Cleo Lake wants a commission to be set up to "acknowledge, apologise and instigate" reparations for the UK's role in the transatlantic slave trade.
She called for mayor Marvin Rees to urge the government to set one up during a council meeting on Wednesday.
Mr Rees has agreed to discuss her proposal further.
But he added she should have "booked in to talk about it over the past four years".
Green Party councillor Miss Lake said the mayor was "not hearing us".
"It was pretty clear he hadn't read the reparations motion which made a number of actionable points on a local and national level," she said.
'Starting dialogue'
Miss Lake is part of the Stop The Maangamizi Campaign, which organises an annual march in London asking for the establishment of an all-party parliamentary commission of "inquiry for truth and reparatory justice for the African Holocaust".
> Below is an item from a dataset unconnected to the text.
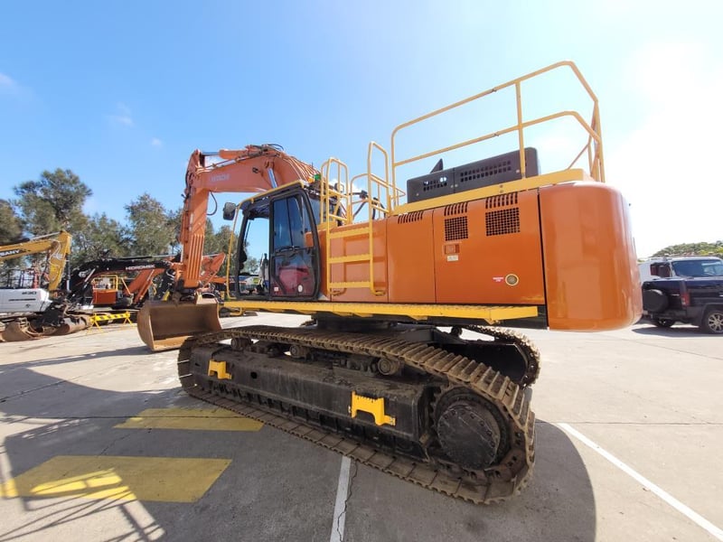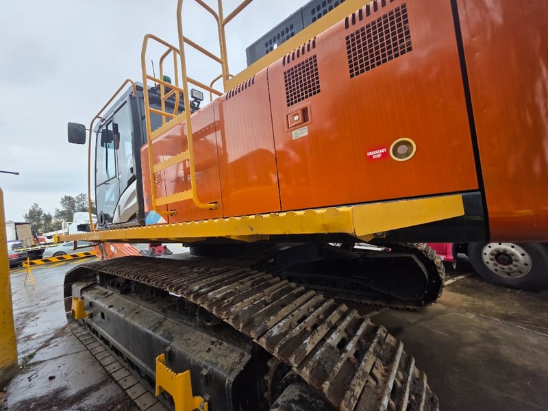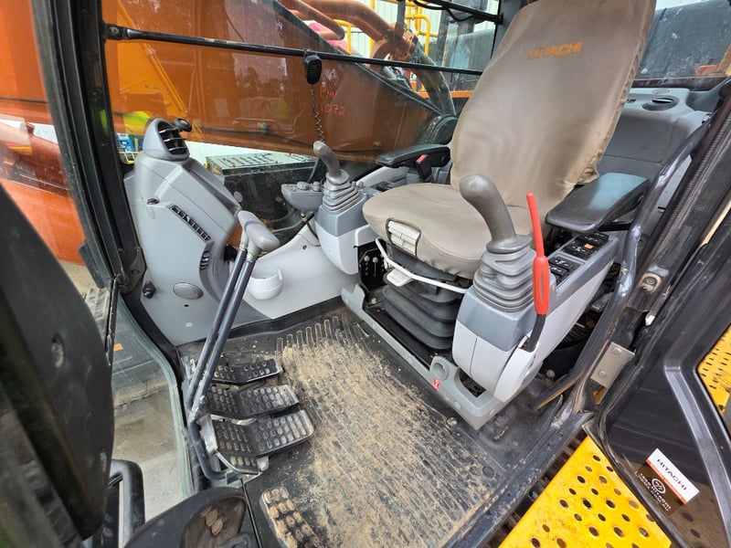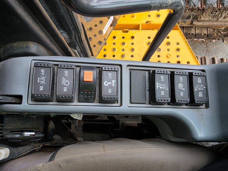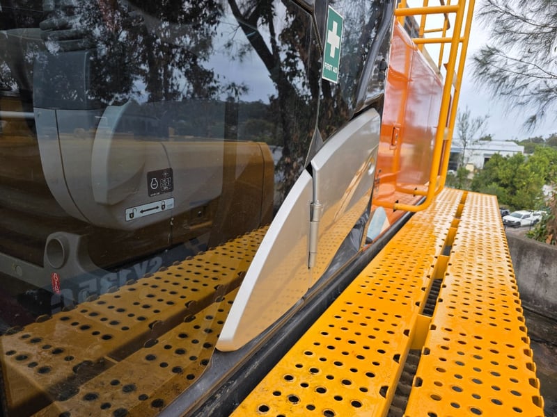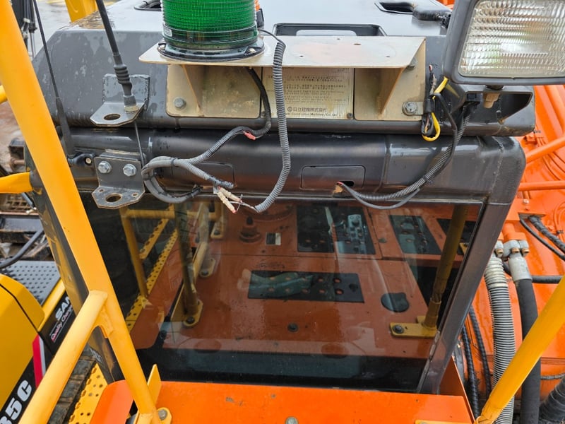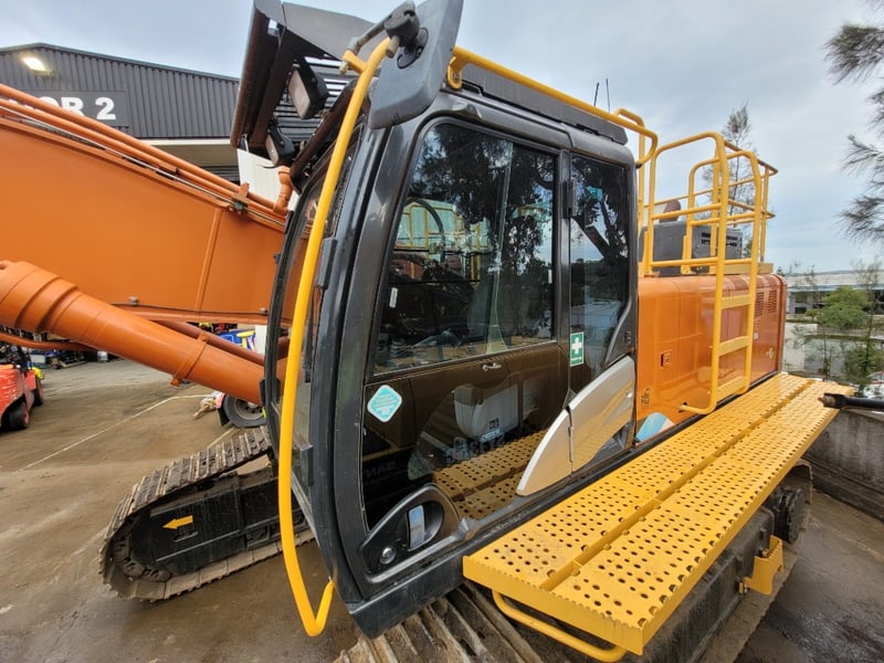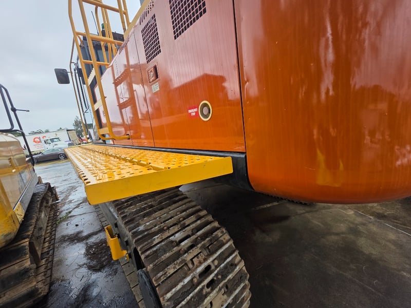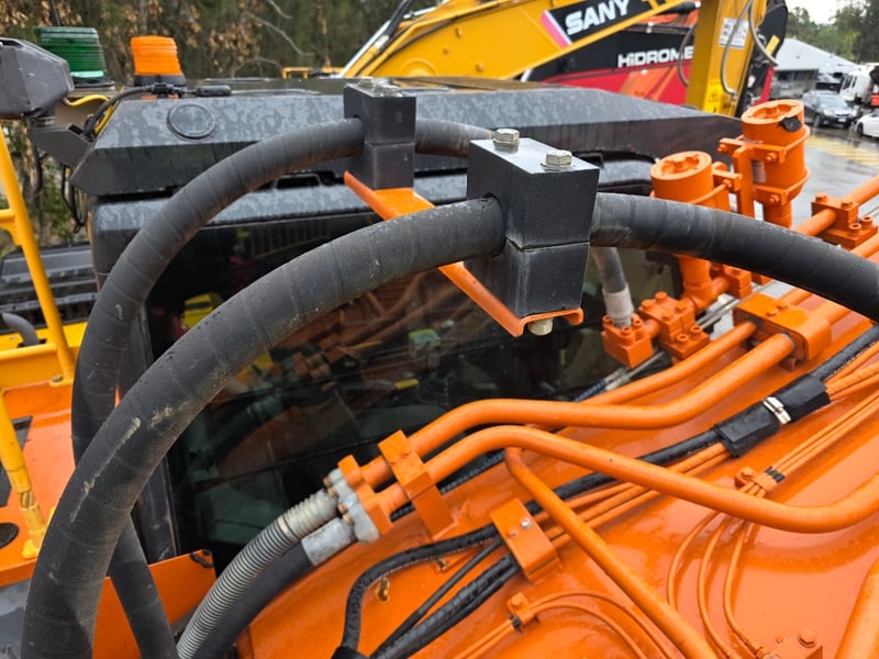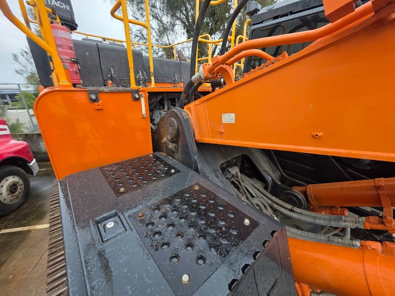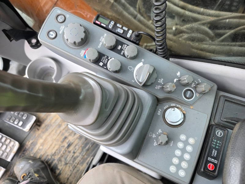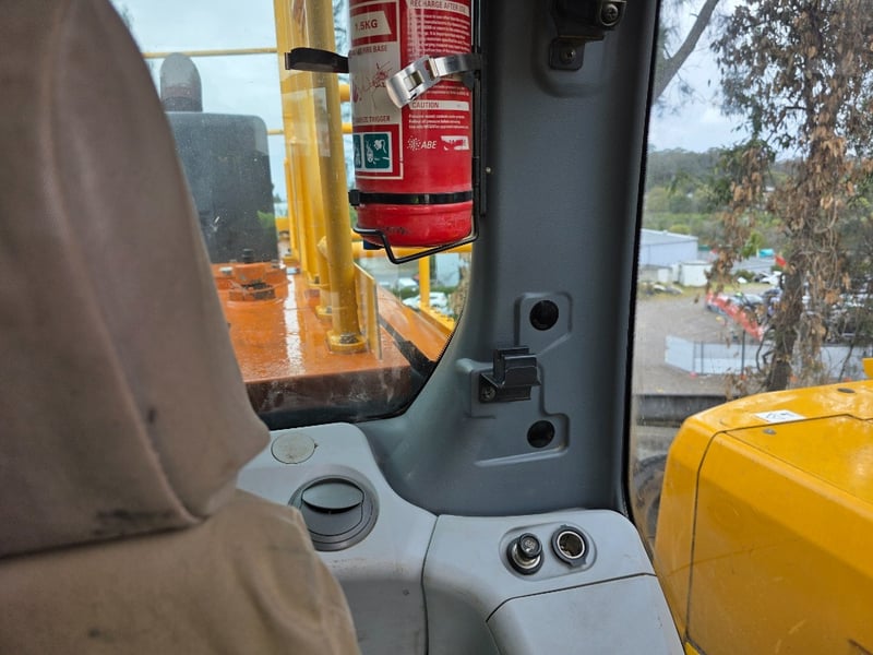 Description: Enclosed cab, tinted windows, work lights, side access steps, external and internal fire extinguisher, battery isolator, reverse camera, emergency stops, interior seat cover, rubber floor mat, heated seat, UHF radio, air-conditioning, turbo timer, roof safety beacon light, battery isolator switch, security start up code start-up Pin code,

She said the term reparations was "not just about money and business" but about "starting dialogue" and supporting and giving back to black communities on a "local level".
Mr Rees said he was working with local black-led organisations and has set up programmes and initiatives tackling racial inequality.
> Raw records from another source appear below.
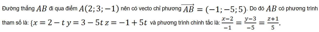 Bài 5.13: Trong không gian Oxyz, viết các phương trình tham số và chính tắc của đường thẳng ∆ đi qua hai điểm A(2; 3; −1) và B(1; −2; 4).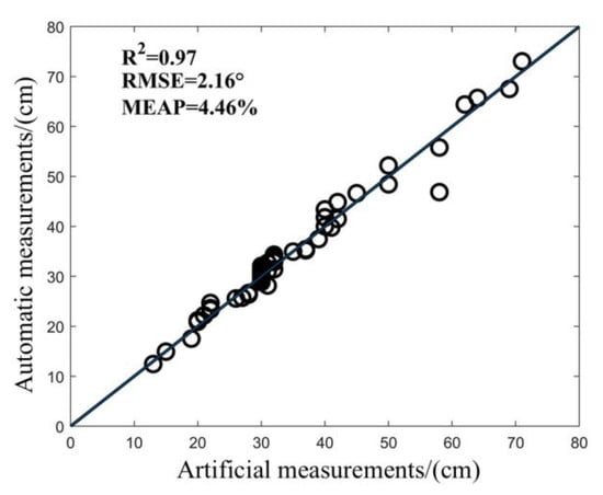 The program was used to automatically extract the LA of Jinyunuo 856 and compared with the artificial point cloud measurement results. As shown in Figure 10, the LA value of maize was automatically determined. R2 is greater than 0.97; RMSE is controlled within 2.16°; MAPE is not more than 4.46%; and the accuracy of automatic measurement of LA is not less than 97%. The results show that this method has high accuracy in measuring the LA of maize, and the measured value of the algorithm is consistent with the real value measured by artificial point cloud. It is feasible to use VLP-16 lidar to collect a maize point cloud and measure the LA of maize. This method can replace manual measurement, improve measurement accuracy and efficiency, and reduce the influence of human factors.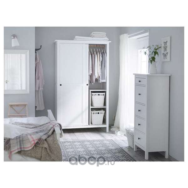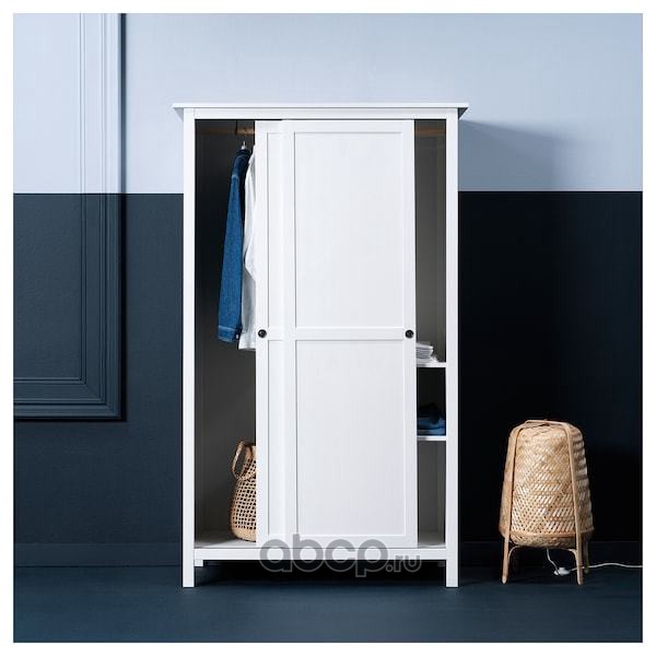 HEMNES ХЕМНЭС Гардероб с 2 раздвижными дверцами, белая морилка 120X197см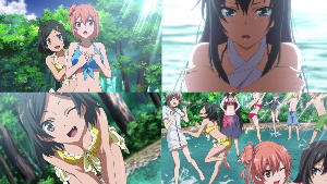 多々あるラブコメで、ヒロインたちの水着姿を披露するイベントとして、プールや海水浴がよくあるけれど、このアニメ(1期)では、キャンプ場わきの河原が舞台となったわ。

"Unless you have that political and economic understanding that racism is about power, you'll end up with a solution that may sound good, but is more symbolic than practical," he added.
The issue has been in the spotlight following the recent Black Lives Matter protest in Bristol which saw the statue of former slave trader Edward Colston thrown into the harbour.
The leader of the Stop The Maangamizi International Campaign, Jendayi Serweh, said reparations meant recognising what had been lost due to slavery and "what it's going to take to restore it" and "what cannot be restored through money".
Miss Serwah said: "Marvin will call city leaders from corporations and institutions together if he needs to to talk about transport or health so why can't he do that for other things?"